Sacha's team is already using an innovative platform to create vaccines against HIV and tuberculosis. They're going to apply the same approach toward developing a universal flu shot because it’s a similar problem; HIV doesn’t consist of one single virus but rather a huge family of closely-related viruses.
“The vaccines we use now generate antibodies, that target those variable surface parts of the virus. We’re actually taking a different approach: We’re going to target the internal proteins of the virus that by its nature are very conserved. And the way we’re doing this is by having an immune response that lives in your lung for life so as soon as influenza comes in your immune system recognizes it and neutralizes it,” Sacha said.
OHSU's cytomegalovirus-based (CMV) vaccine platform has been developed for nearly 15 years and will be heading into human clinical trials very soon. Sacha says if the HIV vaccine proves successful in pre-clinical work, it will blaze the trail for a universal influenza virus.
“That’s why OHSU was chosen - because we’re extremely well-positioned to test something new and novel and take it into the clinic,” Sacha added.
For the lead researcher, this challenge they've set out on hits close to home.

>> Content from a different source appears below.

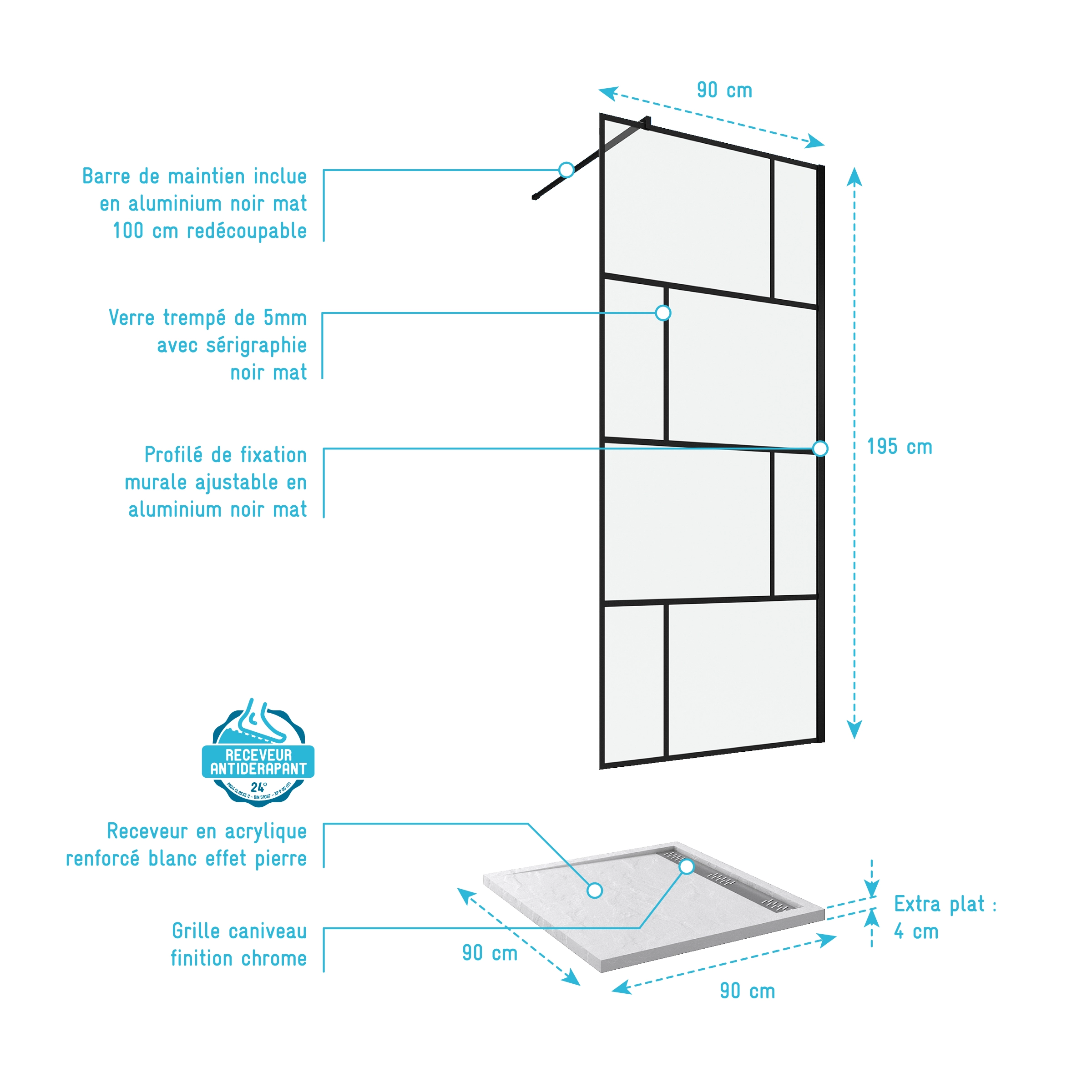 Pack Paroi de douche 90×195 cm + RECEVEUR EN ACRYLIQUE BLANC EFFET PIERRE 90X90
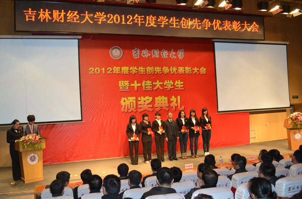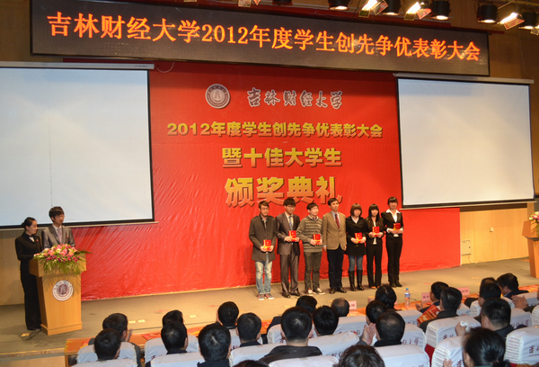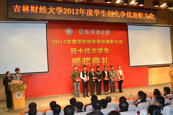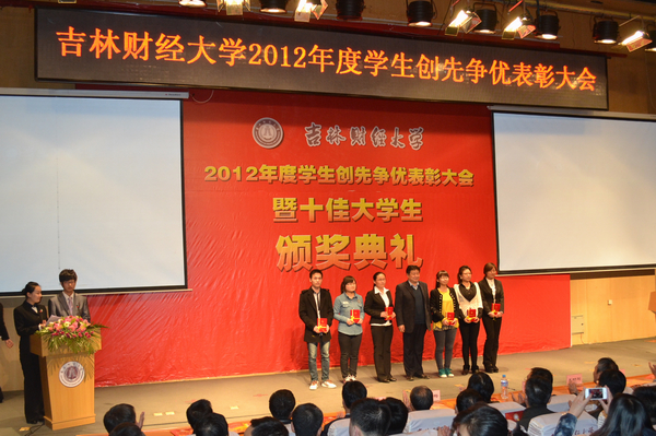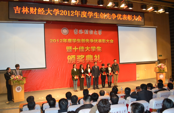 随后,学生工作处副处长李栋栋宣读了表彰决定,2012年高校文明杯竞赛活动中获得长春市十佳大学生、文明大学生、长春市十佳班级、文明班级、文明寝室等荣誉的团体和个人,荣获国家奖学金、国家励志奖学金、吉林省政府奖学金、校长奖学金的同学,kaiyun官网三好学生、优秀学生干部、先进班级、文明寝室等集体和个人受到了表彰。校长宋冬林、校党委副书记兼副校长郝中华、校纪委书记王时刚、副校长杨春梅、副校长张越杰、原副校长张喜山和相关部门负责人为获奖集体和个人颁发了证书。

"The flu can be absolutely very dangerous. The reason that I began flu research was back in 2013 I was visiting Australia for an HIV conference and on the way back I got sick with H1N1, Swine Flu. And that unfortunately was then transmitted to my wife who was pregnant at the time and my 4-year-old son.”
His son wound up in the emergency room, unresponsive with an extreme fever.
"It was really scary, it was terrifying,” Sacha said. “That week in my house was awful and it made me realize we need better vaccines for influenza.”
To forge ahead, OHSU will collaborate with other chosen institutions.
The Gates Foundation's aim is to begin clinical trials by 2021 – an ambitious timeline, but an achievable one.
“I really think we have a real shot to come up with something new and novel that could actually impact people's health across the globe,” Dr. Sacha said. “We may not make it, we may. But we're going to try our best.”